Your PSU is WAY underpowered for a GTX 770. You also should be using a 760 and not a 760.

You should be selecting a EVGA or Asus branded GPU.

Your best option here is to select our $800 like we have been suggesting. That build you linked will not work together.


----------



## gizmo j (Nov 14, 2013)

Masterchiefxx17 said:


> You also should be using a 760 and not a 760.


wat?


----------



## gcavan (Aug 13, 2009)

No idea what he is trying to say, but MC is correct about one thing.

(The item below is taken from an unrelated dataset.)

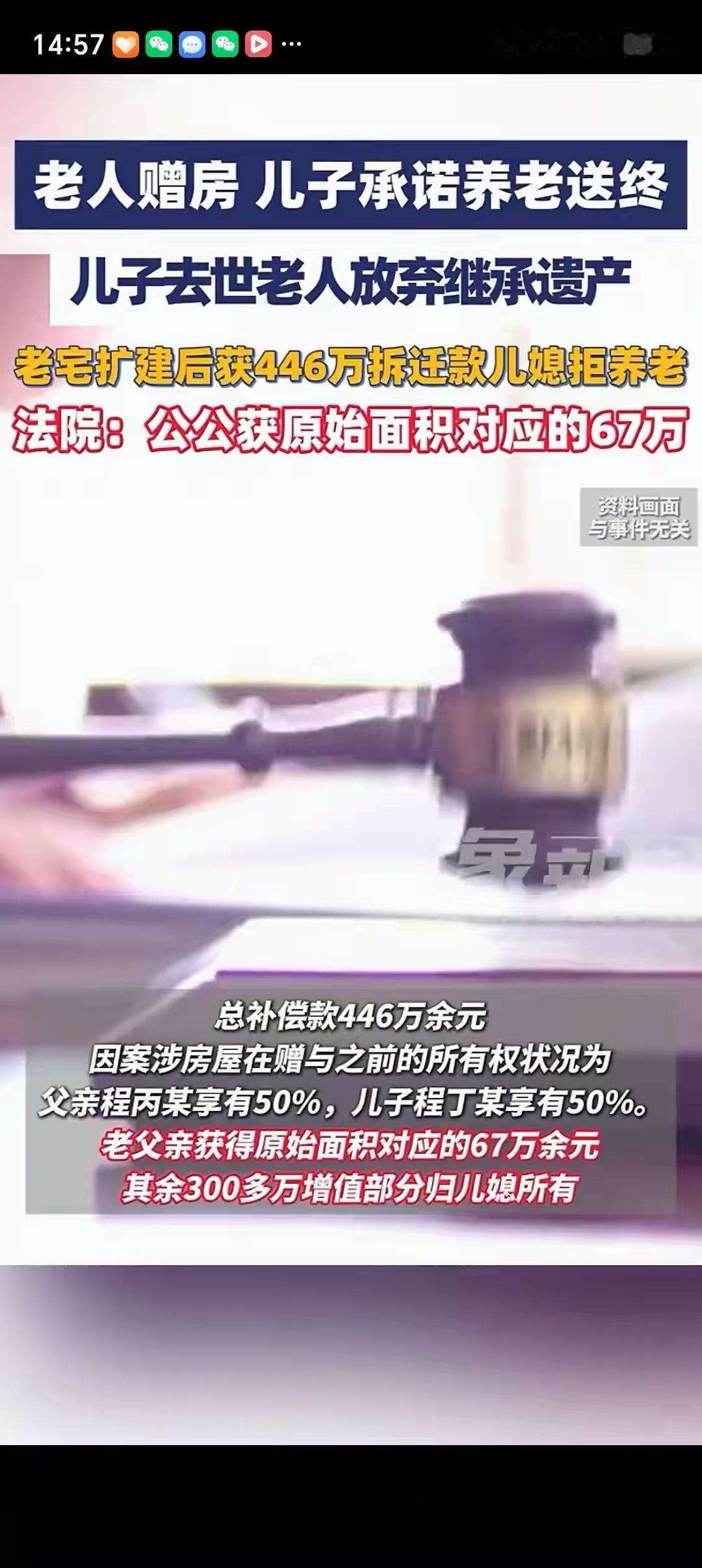 新疆八旬老人赠房换养老,儿媳拿446万拆迁款后翻脸断供,法院判决揭开人性与金钱的残酷博弈 当亲情遇上巨额拆迁款,人性的底色瞬间暴露无遗。新疆一位程姓老人,十多年前将300平方米老宅赠与儿子,只换一句“负责养老”的承诺。儿子儿媳接手后扩建房屋、开办宾馆,面积增至千余平。2020年儿子去世,房产由儿媳赵某继承。次年拆迁启动,446万补偿款到手,赵某竟直接停掉老人的生活费医疗费。八旬老人无奈将儿媳告上法庭,一场关于金钱、承诺与亲情的拉锯战就此引爆网络。 法院审理认为,当初赠房属于“附义务赠与”,儿媳继承财产便需履行养老义务。赵某拿到拆迁款后拒绝赡养,已构成根本违约。法律不会纵容忘恩负义之举,判决支持老人撤销赠与的诉求。但故事并未止步于此——判决不仅关乎对错,更精准剖开了利益与贡献的复杂纠葛。 关键转折在于房屋增值部分的认定。儿媳拿出证据,证明扩建的700多平方米由夫妻二人出资改造,这部分增值不属于原始赠与范围。法院最终采纳该意见,判决原始老宅对应的67万归老人,剩余379万归儿媳。既捍卫了契约精神,也承认了后续投入的价值。这份判决被网友称为“情法两全的标杆”。 舆论场上炸开了锅。有人痛斥儿媳“拿钱变脸”,将老人置于孤苦境地;也有人认为判决公平,“自己的投入自己享”。但更深层的矛盾在于:当家庭承诺遭遇金钱考验,多少亲情能经得起推敲?老人当年赠房,本质是托付晚年;儿媳拿到巨款后毁约,实则是将财产凌驾于伦理之上。 这起纠纷映照出无数中国家庭的隐痛。父母倾其所有资助子女,却难换晚年保障;子女继承财产后,却将赡养视为负担。法律可以划分钱财,却修复不了撕裂的信任。判决书上的数字再清晰,也抵不过老人那句“心凉了”带来的震撼。 值得深思的是,此案中儿媳的行为并非个例。在拆迁、继承等家庭利益分配节点,类似冲突屡见不鲜。有些人将亲情视为可割舍的成本,将承诺视作可撕毁的纸张。但社会共识始终坚定:财富或许能改变生活,却不能买断良知。 法院的终审判决,既是对失信者的警示,也是对传统孝道的重申。它告诉所有人:接受馈赠的同时,必须扛起责任;追求利益的同时,不能践踏底线。老人的67万,买不回失去的亲情,却至少撑起了晚年的尊严。 这场官司落幕了,但留给社会的思考远未结束。当我们在家庭与利益间徘徊时,不妨记住:金钱有价,情义无价;契约可约束行为,唯有人心能温暖岁月。愿所有老人都能被温柔以待,愿所有承诺都不被金钱染指。 (来源:综合大象新闻、新疆高院判决书及网络公开报道) 拆迁款纠纷 赡养义务

You need to look for a much stronger power supply to carry the linked system.

Figure a 650 or better for the GTX 770 and I'ld choose a 7200 RPM hard drive.

XFX 650W PRO650W Core Edition Single Rail ATX 12V 53A 24PIN ATX Power Supply 80PLUS Bronze PSU
Western Digital Caviar Blue 1TB SATA 6GB/S 7200RPM 64MB Cache 3.5IN Hard Drive OEM

Personally, I don't see the sense in putting nearly half your budget into graphics and then cheaping out on the rest.


----------



## Tyree (May 10, 2009)

Masterchiefxx17 said:


> Your PSU is WAY underpowered for a GTX 770. You also should be using a 760 and not a 760.

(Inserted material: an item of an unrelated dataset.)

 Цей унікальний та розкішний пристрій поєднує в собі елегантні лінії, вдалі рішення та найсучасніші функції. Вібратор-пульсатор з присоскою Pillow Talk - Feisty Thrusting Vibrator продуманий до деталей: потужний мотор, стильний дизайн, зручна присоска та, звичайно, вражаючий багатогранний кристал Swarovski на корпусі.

Obviously, Masterchiefxx17 was suggesting a GTX760 instead of a GTX770. Just a simple typo.
A good quality 620W PSU is fine for a GTX760. SeaSonic-XFX-Antec HCG are top quality.
However, putting a double slotted GPU into a small case, even if it has clearance, is not a good idea.
Staying with our suggested build list will insure top quality known compatible components.


----------



## Masterchiefxx17 (Feb 27, 2010)

:uhoh: Yes, that was a typo. Tyree is correct, a GTX 760 is a better choice then the GTX 770.


----------



## gizmo j (Nov 14, 2013)

I just seen this video of a guy using a 770 and a overclocked x4 965. His framerates hardly ever drop below 30fps.

Crysis 3 - GeForce GTX 770 1080p Maximum Settings Benchmark - Post Human - YouTube

The FX4350 is a little better then the x4 965 so I think I'm going to be OK with this build....what do you guys think?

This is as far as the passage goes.